Tu-154M miał na pokładzie dwie radiostacje ratunkowe: ARM-406 AC 1 i ARM-406P. Urządzenia te są standardowym wyposażeniem samolotów pasażerskich i wojskowych. W momencie katastrofy, gdy maszyna wpada do morza lub rozbija się, a nawet gdy w czasie lotu traci zasilanie, radiostacja włącza się automatycznie i wysyła sygnał alarmowy do wszystkich stacji prowadzących nasłuch. W Polsce taka stacja znajduje się w Gdyni - przypomina "Gazeta Polska".

Reklama

Według ustaleń jej dziennikarzy obie radiostacje w tupolewie były wyłączone. Dlaczego? Bo jak zeznał pilot Grzegorz Pietruczuk i jak zapisano w raporcie komisji Jerzego Millera, zakłócały pracę odbiorników GPS. Mogło to stanowić problem szczególnie w momencie podchodzenia samolotu do lądowania.

Problemy z działaniem obu radiostacji stwierdzono - jak zeznał w prokuraturze Pietruczuk - po tym, jak tupolew wrócił do Polski po remoncie w Samarze w Rosji.

Usterki jednak nie usunięto, choć zdaniem "Gazety Polskiej" kalibracja urządzeń pokładowych zajmuje mniej więcej pół godziny. Tupolew latał więc z wyłączonymi radiostacjami.

Wyłączenie radiostacji nie miało wpływu na prowadzenie akcji poszukiwawczo-ratowniczej w dniu 10.04.2010 r. - napisano w raporcie komisji Millera. Jednak dziennikarze "GP" i tak wyciągają mocne wnioski.

Przede wszystkim podkreślają, że gdyby urządzenia były sprawne, mielibyśmy dokładną godzinę katastrofy z 10 kwietnia 2010 roku. Moglibyśmy również ocenić, jak Rosjanie przeprowadzili akcję ratunkową. Tymczasem musimy polegać na deklaracjach rosyjskich służb.

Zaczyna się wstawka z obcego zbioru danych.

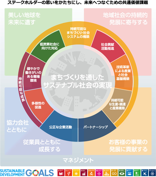 私たちは、サステナブルな社会の実現に向け、「地球環境」「地域社会」「お客様」「従業員」「協力会社」などのステークホルダーの期待に応えるとともに、その人々が集い、作用し合う「まち」が、今も未来も豊かで、安全で、優しいものでなければならないと考えています。そのために、ステークホルダーとの対話をより一層深めていきます。そして、その「想い」を建築、土木、不動産・開発、ファシリティマネジメント、リニューアルといった当社グループの事業力を組み合わせた新たな価値をもつ「まちづくり」を通してかたちにし、サステナブル社会を実現していきます。
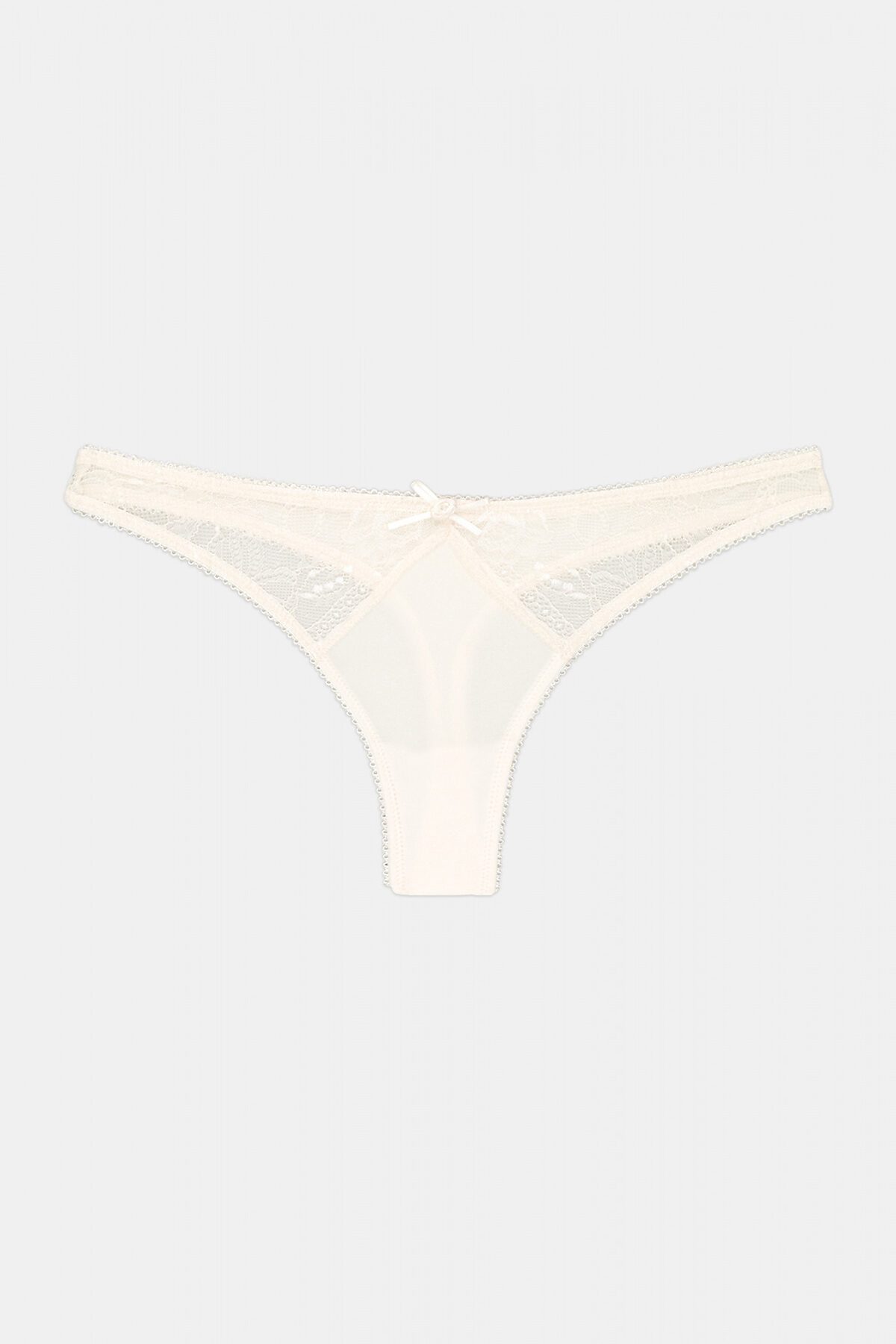 - Базовые трусики-стринг из эластичной ткани и кружева. - Передняя деталь декорирована атласным бантиком с розочкой. В комплект можно подобрать #79688.
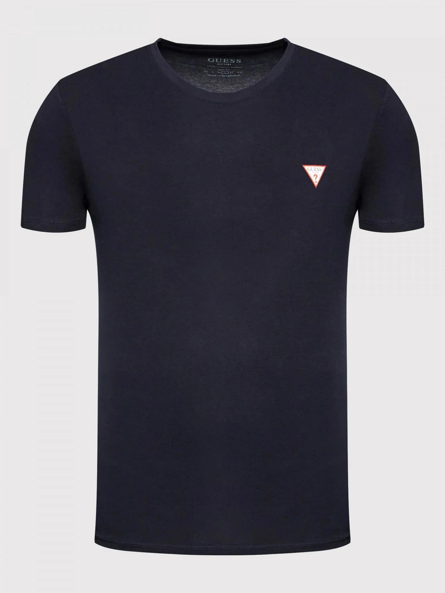 Elevate your casual wardrobe with the Guess Men’s T-Shirt Core Logo Basic Triangle Logo in Navy. Crafted from a premium organic cotton blend, this t-shirt not only keeps you stylish but also showcases your commitment to sustainability.
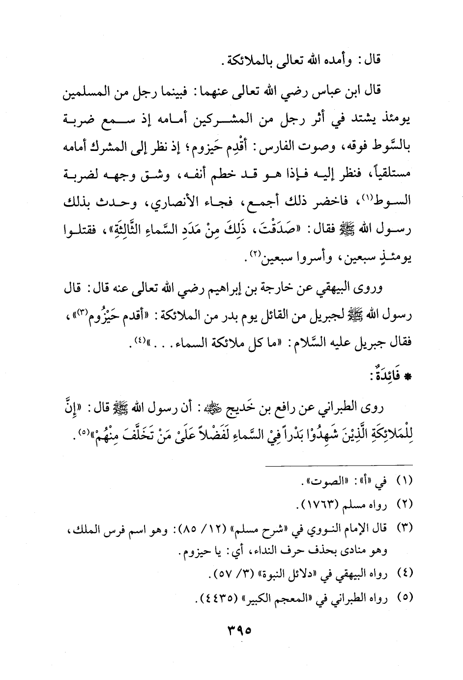 وروى البيهقي عن خارجة بن إبراهيم رضي الله تعالى عنه قال: قال رسول الله - صلى الله عليه وسلم - لجبريل من القائل يوم بدر من الملائكة: "أقدم حَيْزُوم (¬3) "، فقال جبريل عليه السَّلام: "ما كل ملائكة السماء ... " (¬4).
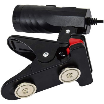 ひらく・とじる・はさむ・つなぐ・はりつける、あらゆる場所でマルチに使える!屋内用、AC100V専用、LEDクリップランプです。LEDの照射角度が自由に変えられます。電線の長さは5m、コード先端は2Pプラグです。連結用コンセント、クリップ底面にマグネット付きです。6台まで連結ができます。(全て同じ機種の場合)

Być może Rosjanie w Samarze zepsuli radiostację, by potem manipulować czasem katastrofy - zastanawia się w "Gazecie Polskiej" tajemniczy ekspert, którego tożsamości dziennikarze nie chcą podać. I podkreśla, że najpierw przekonywano, iż samolot spadł o godzinie 8:56 czasu polskiego, a potem, że o 8:41.